- Location of Jackson Township in Clay County
- Coordinates: 39°28′51″N 87°04′24″W﻿ / ﻿39.48083°N 87.07333°W
- Country: United States
- State: Indiana
- County: Clay

Government
- • Type: Indiana township

Area
- • Total: 35.68 sq mi (92.4 km^{2})
- • Land: 35.09 sq mi (90.9 km^{2})
- • Water: 0.59 sq mi (1.5 km^{2})
- Elevation: 620 ft (190 m)

Population (2020)
- • Total: 2,839
- • Density: 80.91/sq mi (31.24/km^{2})
- FIPS code: 18-36864
- GNIS feature ID: 453436

= Jackson Township, Clay County, Indiana =

Jackson Township is one of eleven townships in Clay County, Indiana.
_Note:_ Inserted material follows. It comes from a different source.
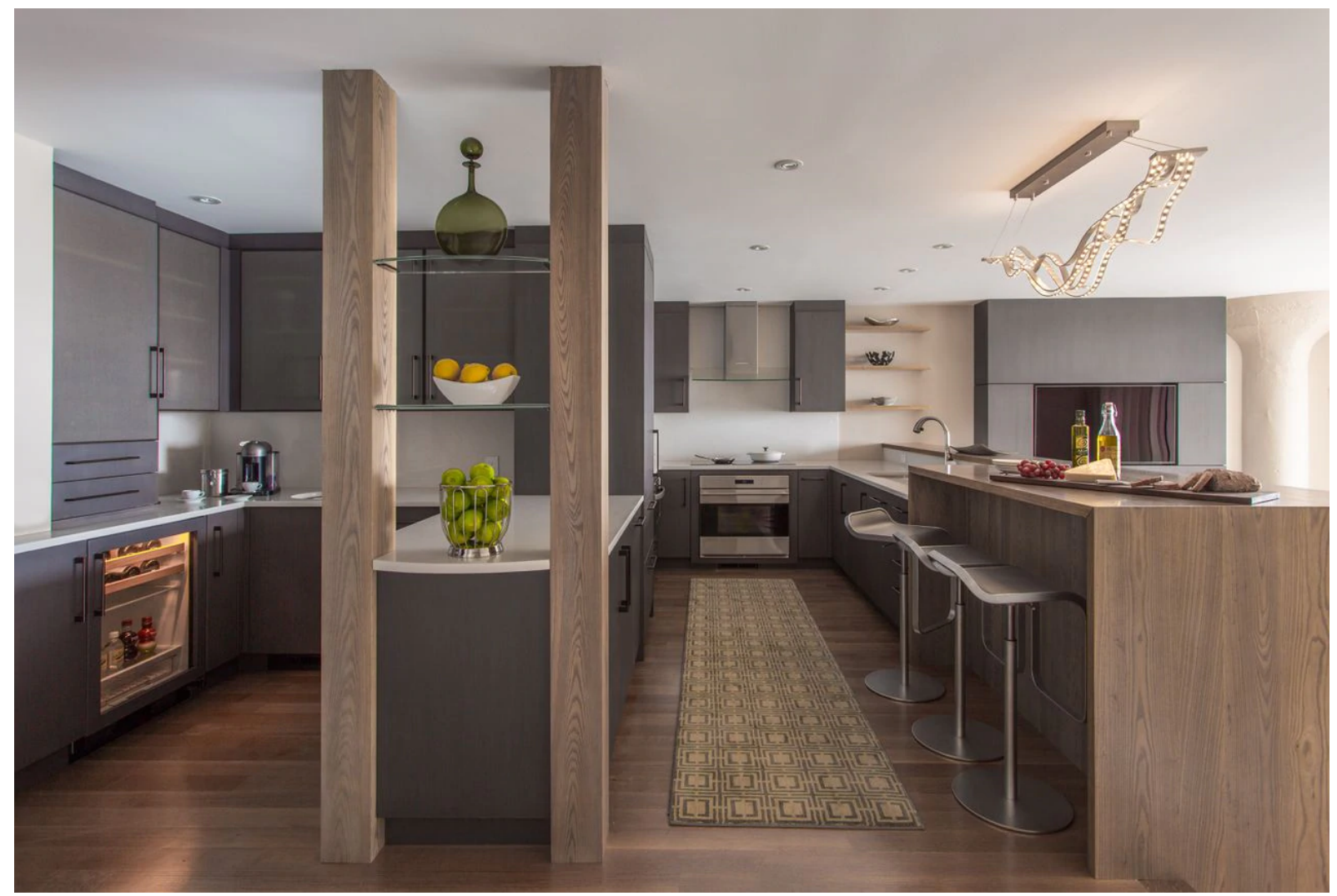
ELEVEN INTERIORS PHOTOS

As of the 2020 census, its population was 2,839 (up from 2,739 at 2010) and it contained 1,187 housing units.

==History==
Jackson Township was established about 1832. It was named for Andrew Jackson, who was then serving as President of the United States.

==Geography==
According to the 2010 census, the township has a total area of 35.68 sqmi, of which 35.09 sqmi (or 98.35%) is land and 0.59 sqmi (or 1.65%) is water.

===Cities and towns===
- Brazil (southeast quarter)

===Unincorporated towns===
- Asherville
- Hoosierville
- Prairie City
- Stearleyville
(This list is based on USGS data and may include former settlements.)

===Adjacent townships===
- Van Buren Township (north)
- Washington Township, Putnam County (northeast)
- Cass Township (east)
- Washington Township (southeast)
- Sugar Ridge Township (south)
- Perry Township (southwest)
- Posey Township (west)
- Brazil Township (northwest)

===Major highways===
- Interstate 70
- Indiana State Road 42
- Indiana State Road 59

===Cemeteries===
The township contains five cemeteries: Kealber, Neidlinger, Poplar, Wesley Chapel and Zenor.